# Exercise instructions
There are pictures in the records below; leave them out and set down exactly the lines from the one holding "6-in-1 Multifunctional Hair" through the one holding "back view of".

# Input material
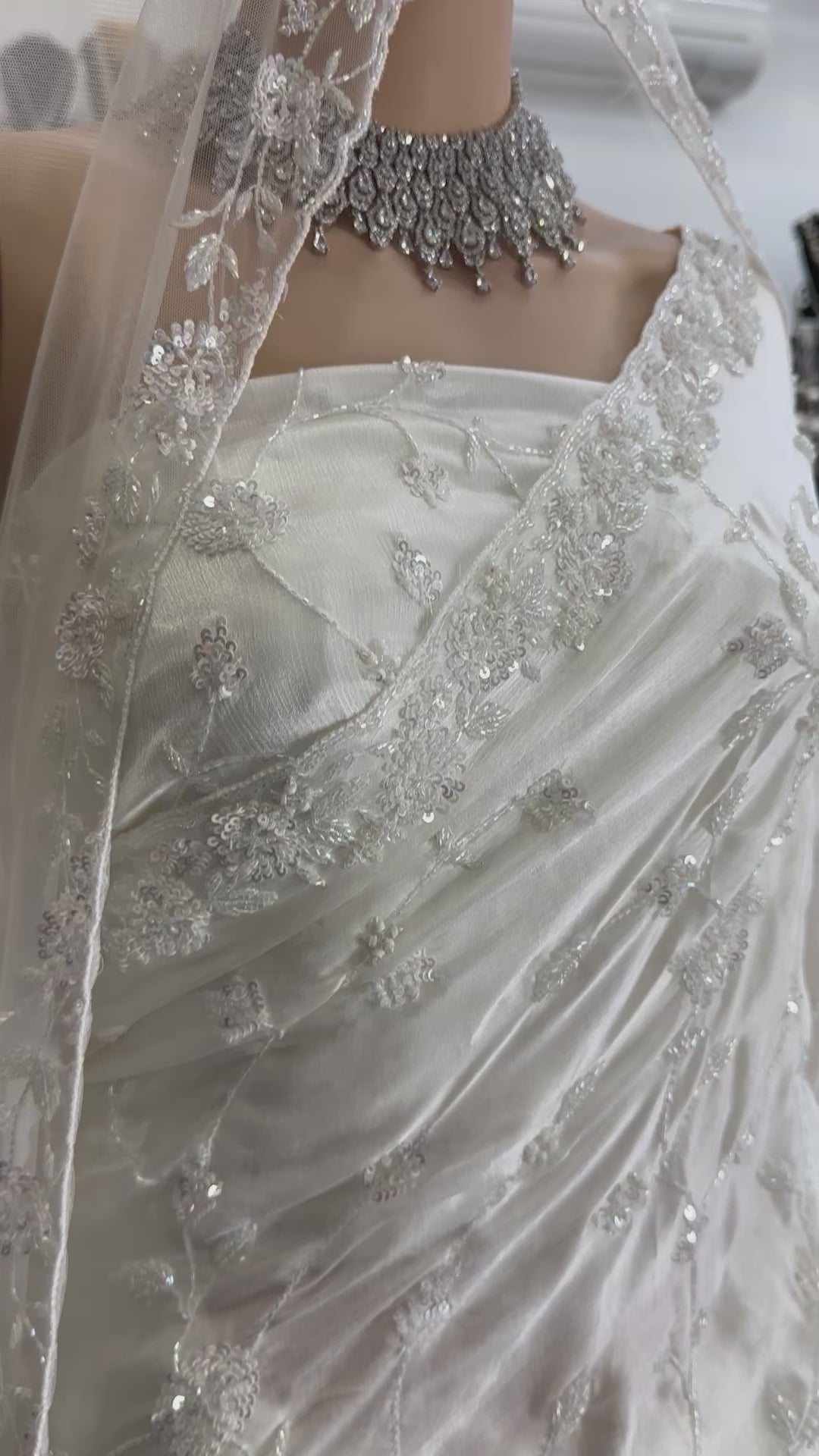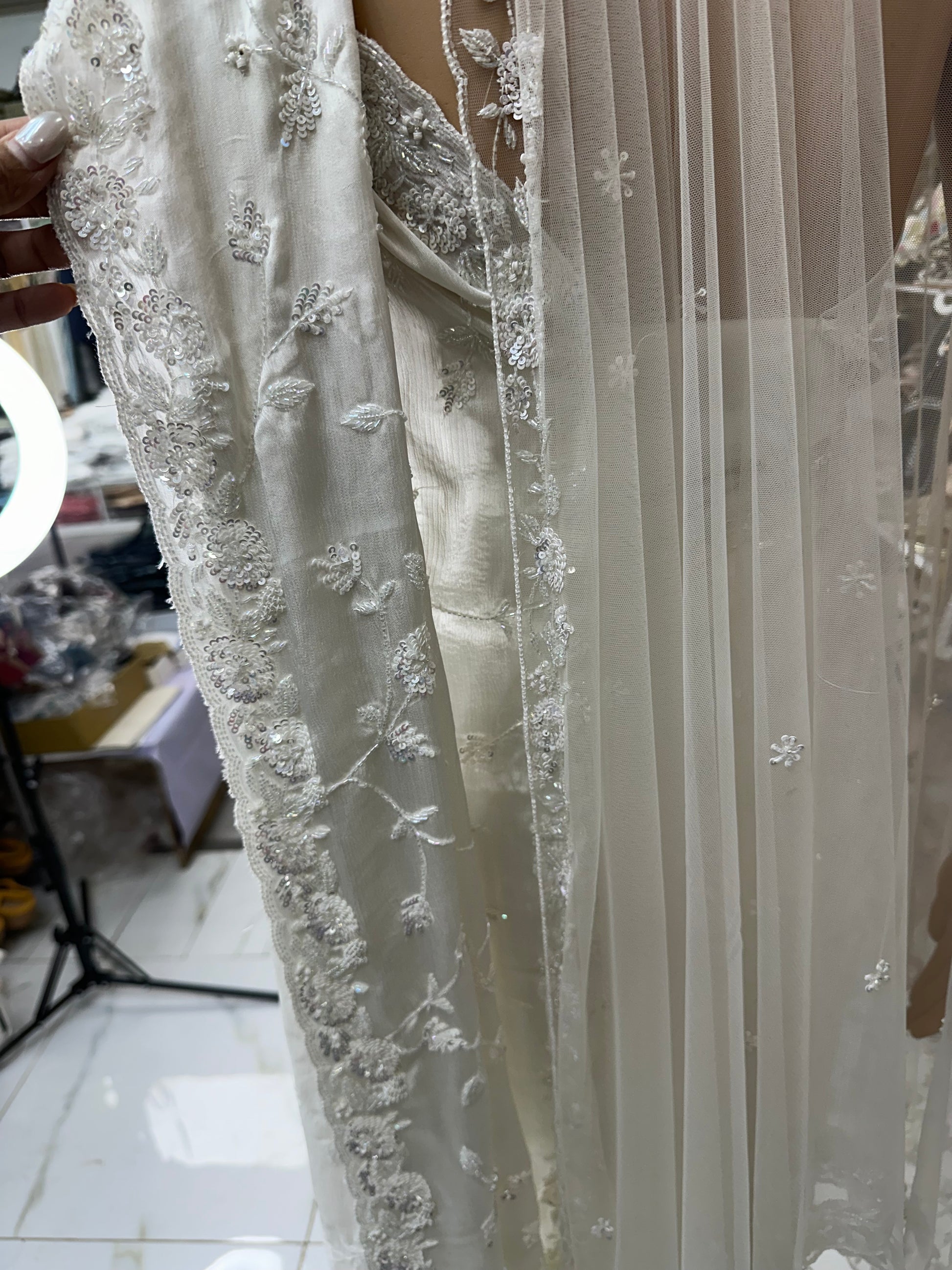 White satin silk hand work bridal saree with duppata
...
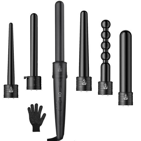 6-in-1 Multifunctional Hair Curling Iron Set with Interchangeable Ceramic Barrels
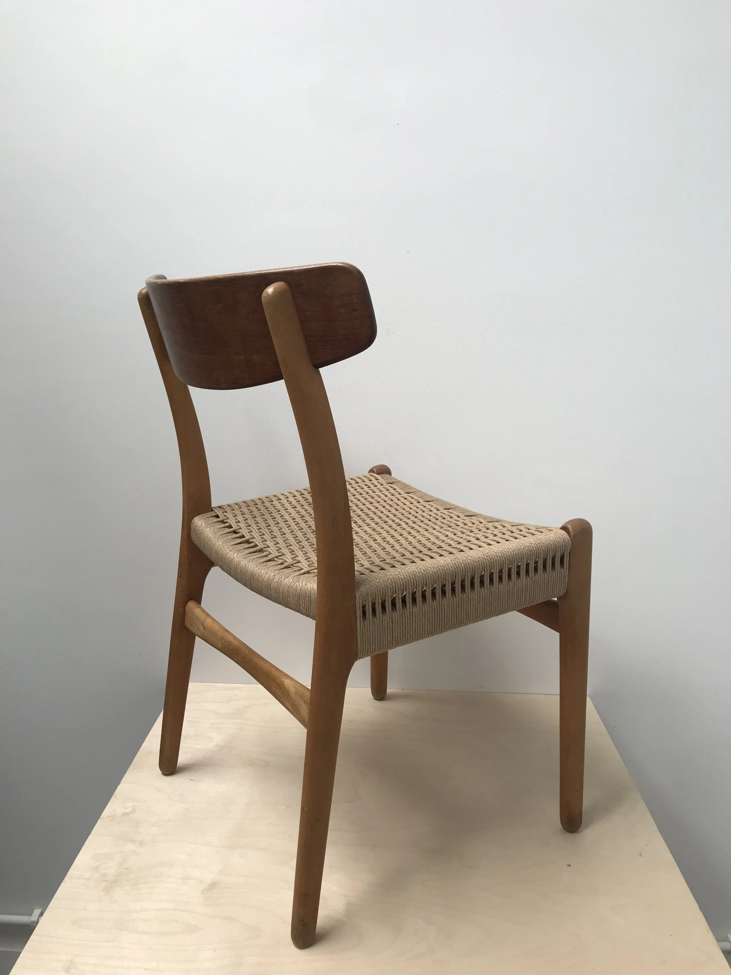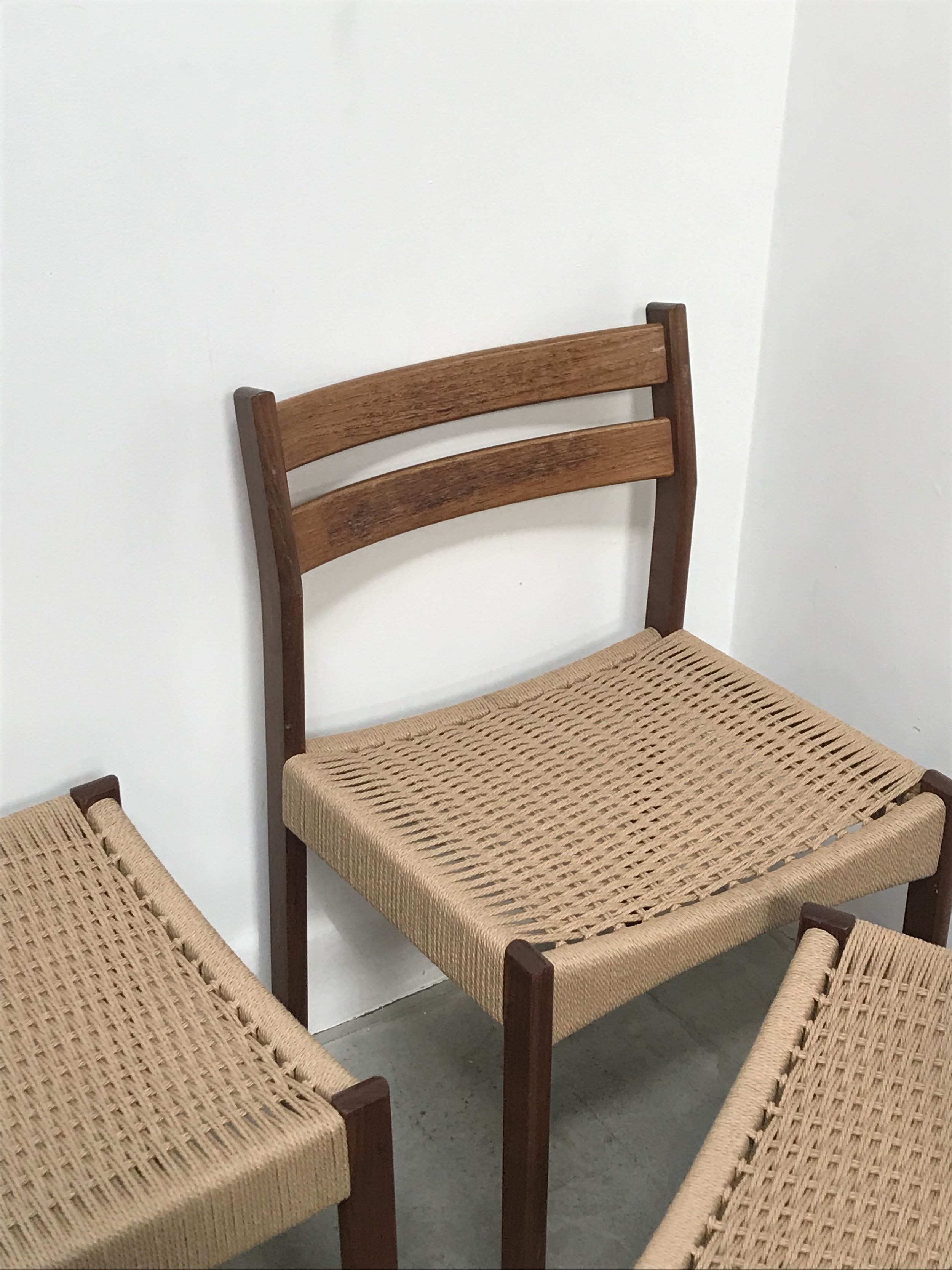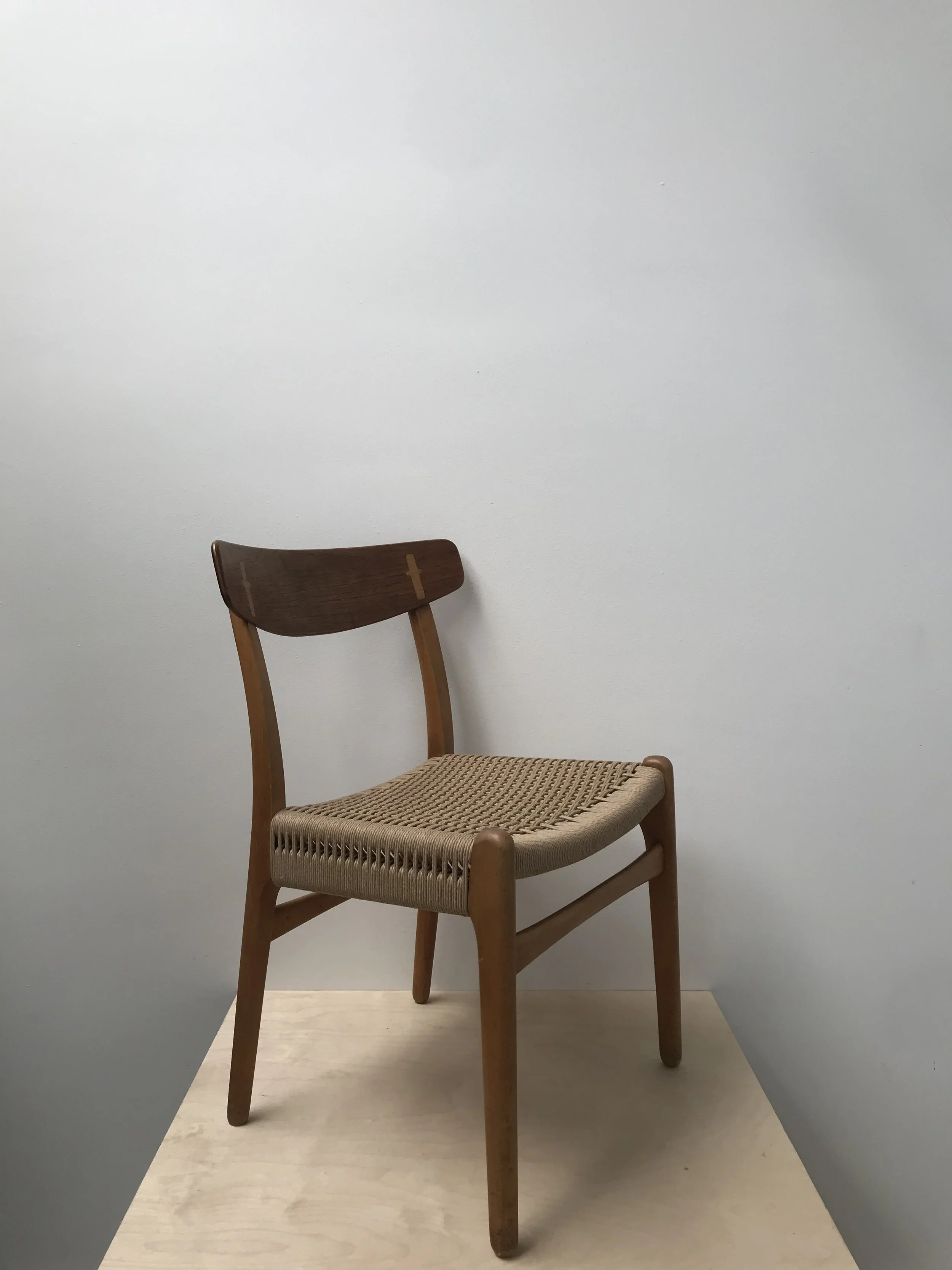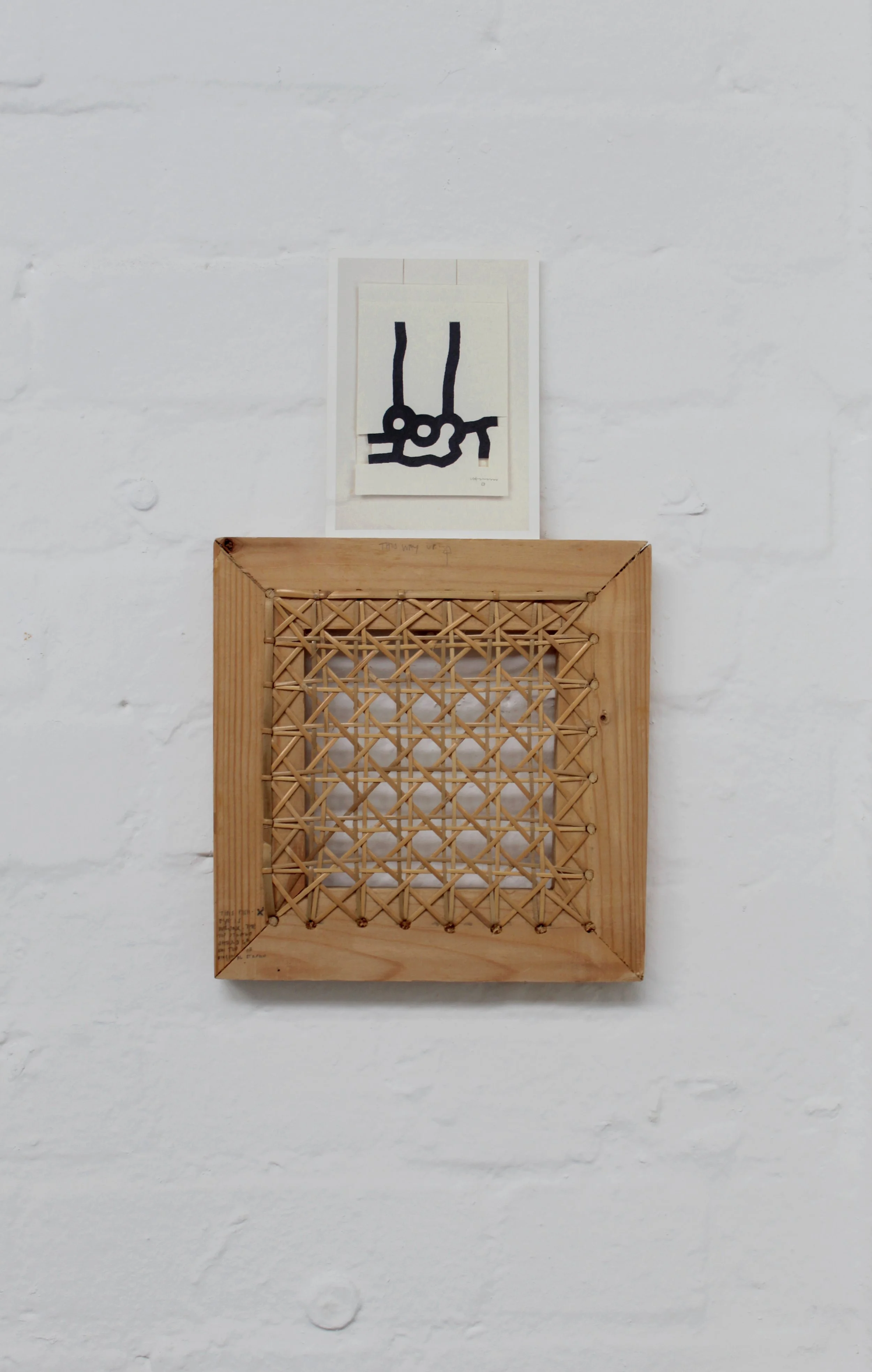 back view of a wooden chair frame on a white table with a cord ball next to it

# Task solution
 6-in-1 Multifunctional Hair Curling Iron Set with Interchangeable Ceramic Barrels
 back view of a wooden chair frame on a white table with a cord ball next to it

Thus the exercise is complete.